Best-first B&B with reliability branching, node warm-starts, feasibility-pump / diving / RINS, and gated root cuts (lifted covers, MIR/CMIR, flow-cover, clique, GMI) with per-cut validity proofs.
Single- and multi-cut Benders with Farkas feasibility cuts, per-block parallel subproblems, and a warm-started master — the change that made decomposed expansion beat both the monolith and HiGHS.
A GPU-resident LODF/PTDF contingency screener for security-constrained workflows — 31× on one core, with no HiGHS analogue.
The CSC array feed is the universal solver convention (HiGHS / Gurobi / OSQP-style); row duals (LMPs / shadow prices) come back exact from the vertex engines and are validated against HiGHS.
cemeridian solve with MPS and a fast binary format; convert and --relax built in.

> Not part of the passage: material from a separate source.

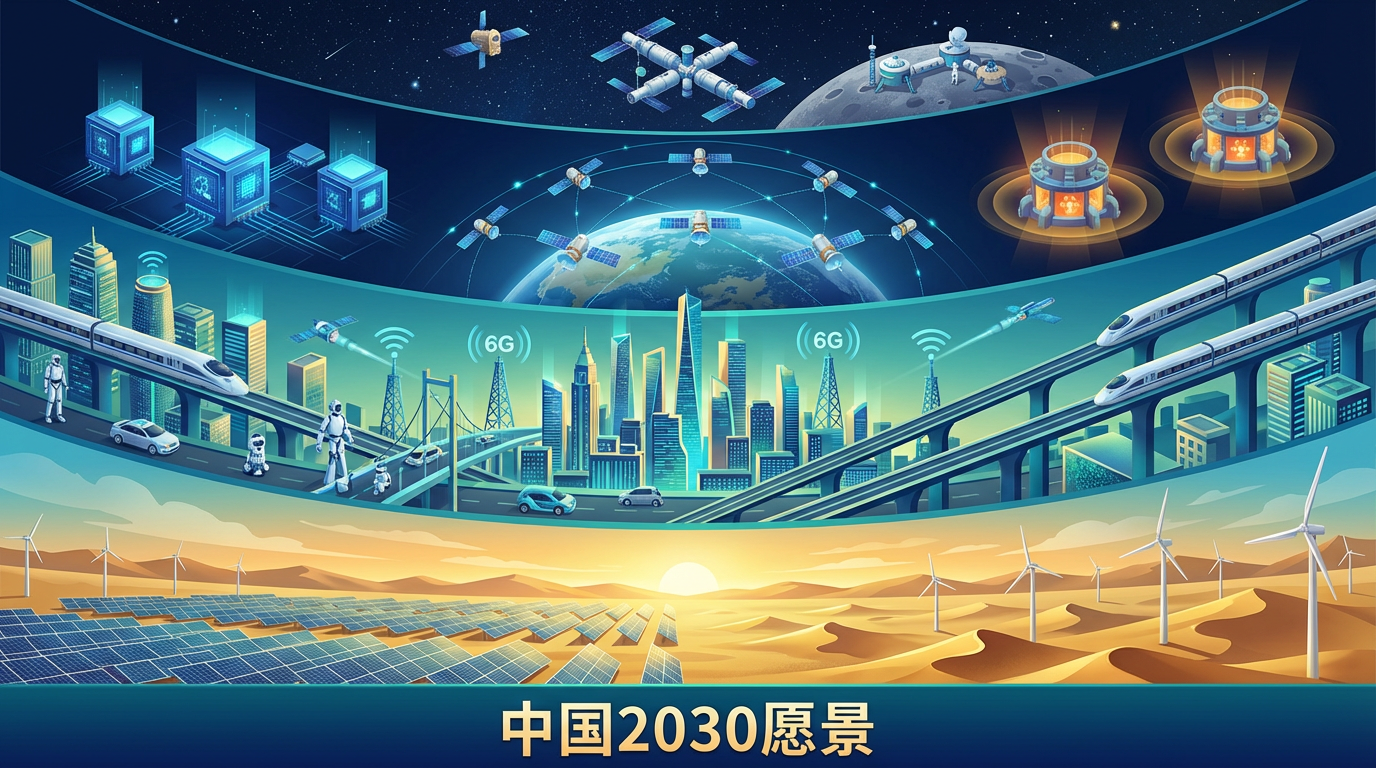 提示词: 一幅宏大的全景分层插画,展现中国2030年的发展蓝图。画面从下到上分为多层:最底层是戈壁沙漠上延绵的光伏板阵列和白色风力发电机组,金色沙丘映着夕阳;中间层是璀璨的智慧城市,矗立着6G信号塔,无人驾驶汽车和人形机器人穿行其间,高架上飞驰着银色子弹头高铁;上层是环绕地球的卫星群、散发蓝色冷光的量子计算机、以及辐射温暖能量的核聚变装置;最顶端是星空中的中国空间站和月球科研基地。配色:深海蓝、电光青、暖金色、翡翠绿。等距透视,超精细,矢量风格配渐变质感,未来感与现实感并存。 --ar 16:9

A maturin-built wheel: cemeridian.solve_lp(...) over SciPy CSC, returning primal, row duals and reduced costs.
A panic-safe, C-validated header — CSC arrays + duals, a typed problem builder, the decomposition entry point and the GPU N-1 screen.
A MathOptInterface optimiser over the CSC C ABI — Model(CEMeridian.Optimizer), drop-in.
Three tiers: the solver (domain-agnostic engines + decomposition), a shared energy-physics layer (PTDF/LODF, dispatch, commitment, storage, investment — composing the problem plus the decomposition structure the solver exploits), and the products that own the data and UX and call in via the bindings. The energy specialisation also lives inside the solver: UC-aware cuts, generator symmetry handling, stochastic-expansion primitives.
Every algorithmic piece traces to public references — papers, theses, permissively-licensed implementations. CEMeridian does not reverse-engineer commercial solvers. Correctness is held by oracle tests against HiGHS on objectives, duals and reduced costs, per-cut integer-hull proofs in the MIP, and never-wrong-to-be-fast fallbacks on every warm path.
Pre-1.0, with test suites green across the workspace and the structure-aware auto selector shipped as the default. It runs behind the platform today as a selectable, cross-validated backend: each product can call CEMeridian or HiGHS interchangeably, the LP-value-and-duals correctness gate runs in CI on every push, and CEMeridian becomes a product default per workload once its performance gate is signed off in production.